In my two years and counting researching and writing for 4Women.com, I have learned more than I maybe ever wanted to know about hair loss and cancer. Along the way, a question has been repeatedly posed to me by new employees: “Don’t you start feeling paranoid thinking about this stuff all the time?”
There I was, new to 4Women.com, just getting my feet wet, deep in the trenches of research on the many known and poorly misunderstood causes of female hair loss. Each woman’s online account of her hair-loss experience seemed to be ejecting no less than one hundred hairs per word from my own head. Susan (President of 4Women) had shared her own hair-loss story with me, how despite the fact that her hair was falling out overnight, no one else would admit noticing it. And yet, she was skeptical that I was actually losing mine.
One year later, when the shedding finally and rather abruptly mellowed out, I had lost nothing short of 50 percent of my hair. I’m now in full-on regrowth phase, with a new, poofy/curly head of four-inch-long hair, and then about fifteen of my formerly long hairs hanging around underneath. Lovely. The cause was never found. I’m just glad it ended and it wasn’t associated with some life-threatening disease.
I am oh-so fortunate to have, thus far, no personal experience with cancer. I’ve not known anyone who has had cancer, be it family or friend. Autoimmune disease? Plenty, but cancer, zip. So everything I’ve learned about breast and other cancers while working for 4Women.com is brand new to me. What a sea of confusing information!
It is true that at times, based upon my day-to-day at 4Women.com, I get to feeling like cancer is all around me. That feeling collides with the majority part of me that lives in opposition to the idea that I am a vesicle in waiting for disease or medical care. I’ve had my share of “disease”—giardia, malaria, dengue fever, schistosomiasis—infectious diseases that most of my compatriots have little knowledge of and probably no experience with. But these are diseases of environment, plaguing our planetary neighbors that supply the natural resources upon which our economic system runs, the same neighbors that see little to none of the wealth generated by capitalism. But I’m getting off track …
I have every reason to expect good health for myself. I’m young. I’m a runner. I breastfed for two and a half years. I eat almost 100 percent organic and consume very few processed foods (exception: Kettle’s Jalapeno Potato Chips, in moderation of course). Our home water supply is reverse osmosis. I do my best to keep toxic chemicals out of my home. I spend as much time as I can in nature, reconnecting to the living planet. My grandma lived to be 104. But then that’s just part of the story.

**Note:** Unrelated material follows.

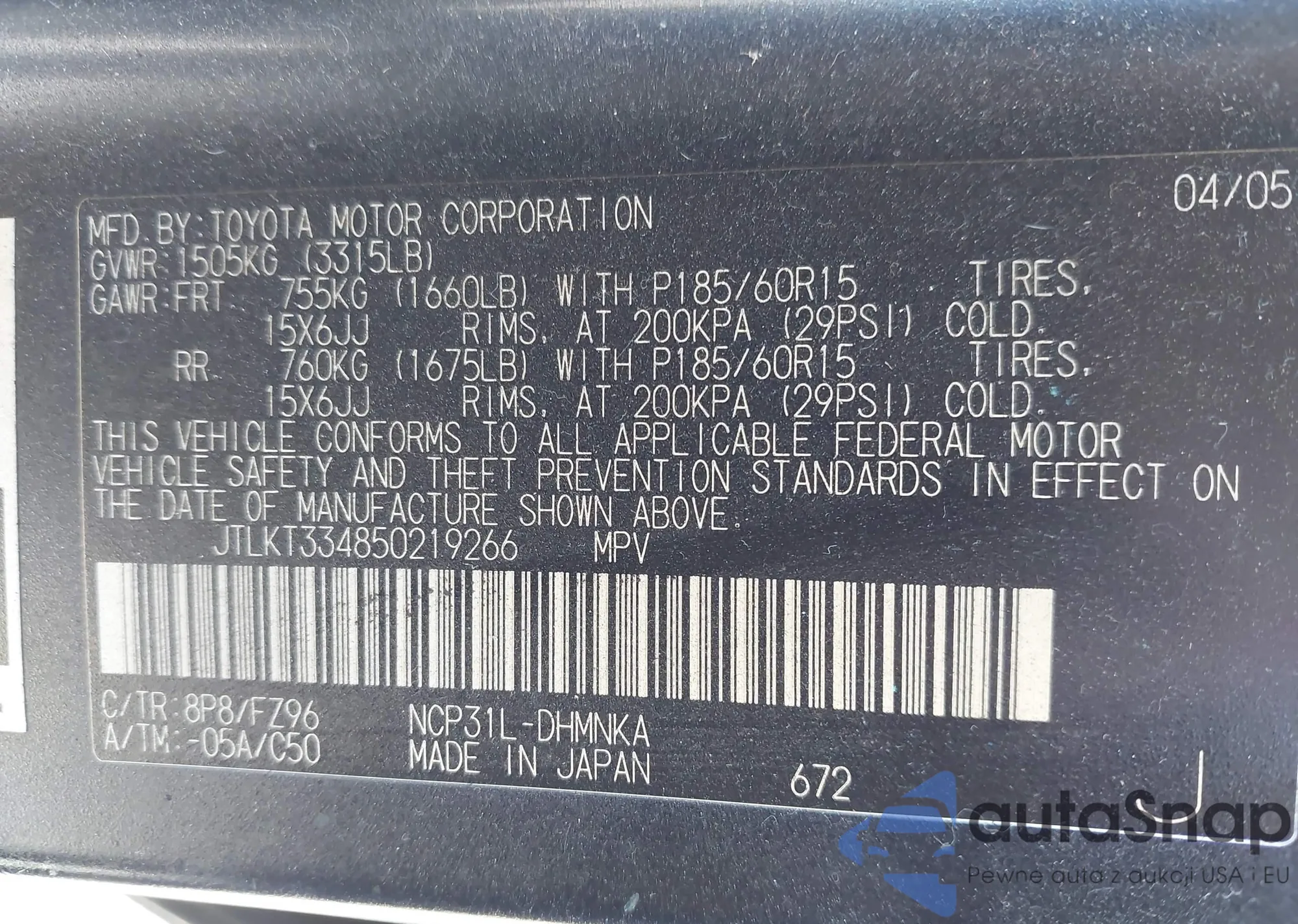 VIN: JTLKT334850219266

I also had a grandma who died at age forty-seven. As a growing child, I dined daily on oodles of alcohol-induced family stress, sugar, Yellow#5 (think Fruity Pebbles and Little Debbie), secondhand cigarette smoke, and 1970s PCB-laden Coho Salmon from Lake Michigan.
So while I do my best to protect life—mine, my family’s and the planet—I’m aware that in the end, we often have little control over what life and the universe hands us. As I often remind my son, we do get to choose our thoughts and responses. I choose to be grateful, hopeful, and not to lose sight of the fact that I am just one tiny part of something much, much bigger that neither begins nor ends with me. Naive? In denial? Blissful?

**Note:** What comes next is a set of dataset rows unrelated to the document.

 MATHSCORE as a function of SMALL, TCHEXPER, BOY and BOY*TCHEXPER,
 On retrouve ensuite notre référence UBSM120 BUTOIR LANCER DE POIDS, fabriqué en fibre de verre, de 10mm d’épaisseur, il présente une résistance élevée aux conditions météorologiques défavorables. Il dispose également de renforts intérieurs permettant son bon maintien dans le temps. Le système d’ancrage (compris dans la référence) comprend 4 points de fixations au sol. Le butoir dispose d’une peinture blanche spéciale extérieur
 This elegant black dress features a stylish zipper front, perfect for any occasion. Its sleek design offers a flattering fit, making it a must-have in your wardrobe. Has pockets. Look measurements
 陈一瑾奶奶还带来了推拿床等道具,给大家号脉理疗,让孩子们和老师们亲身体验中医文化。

Wham-BAM!! Last Saturday, I happened to feel a pebble-sized lump under my right arm. Not in the armpit, but on my rib about where my bra wraps around me, closer to my back. I immediately recalled Sue Glader’s story. She’s the author of Nowhere Hair, a children’s book to help mothers with cancer explain their hair loss to their precious young ones.

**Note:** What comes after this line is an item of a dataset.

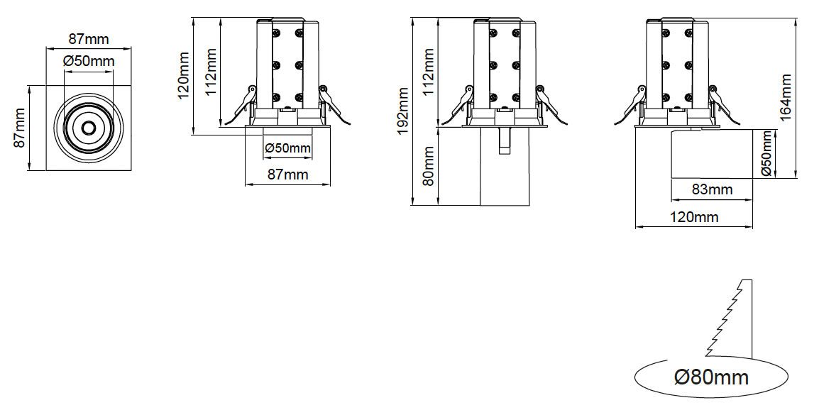 | 7 | 7W - 180mA | 827 | IRC>80 - 2700K | 930 | IRC>90 - 3000K | ![]() | MOI. | 30° - Moyen | ![]() | 01 | blanc |

Sue tells her story: driving down the road, inadvertently scratching her armpit, feeling a lump, being diagnosed with breast cancer, mother of a one-year-old at the time. Had I not heard that story before feeling this lump under my own arm, my first thought would have been “cyst.” I had a cyst removed from my scalp years ago. This lump feels like a cyst. I have every reason to suspect first and foremost that it is a cyst. But no, upon discovery, “BREAST CANCER” whispered a scream in my mind, while “cyst” was nowhere to be heard. I couldn’t wait for Monday and the opportunity to my lump looked at.
Doctor’s conclusion? He said he feels comfortable that it’s either just a cyst or a swollen lymph node. A pre-4Women version of me would have been satisfied. The one that insists that I’m not a disease waiting to happen. As for the 4Women version of me …
I smiled and told the doctor that I was glad he was feeling comfortable. As for me, I wanted certainty. I’ll go in next week to have it cut out and biopsied. I do feel fairly comfortable that it’s nothing to worry about. I’m not thinking about it much, except yesterday when I was on one of those blogs reading/researching under the topic of breast cancer. I saw the word “underarm” and my heart jumped. I clicked “X”. Phew! Gone and good riddance.
The moral of this story: knowledge is power. The other moral, this one contributed by my dad: “Chelle, you know too much for your own good. We’re all going to die of something.” I’m okay with that, dying someday of something. Again it’s a choice, which motto or mottos to live by. “Ignorance is bliss” just is not me. Good thing too cuz I work for 4Women.com.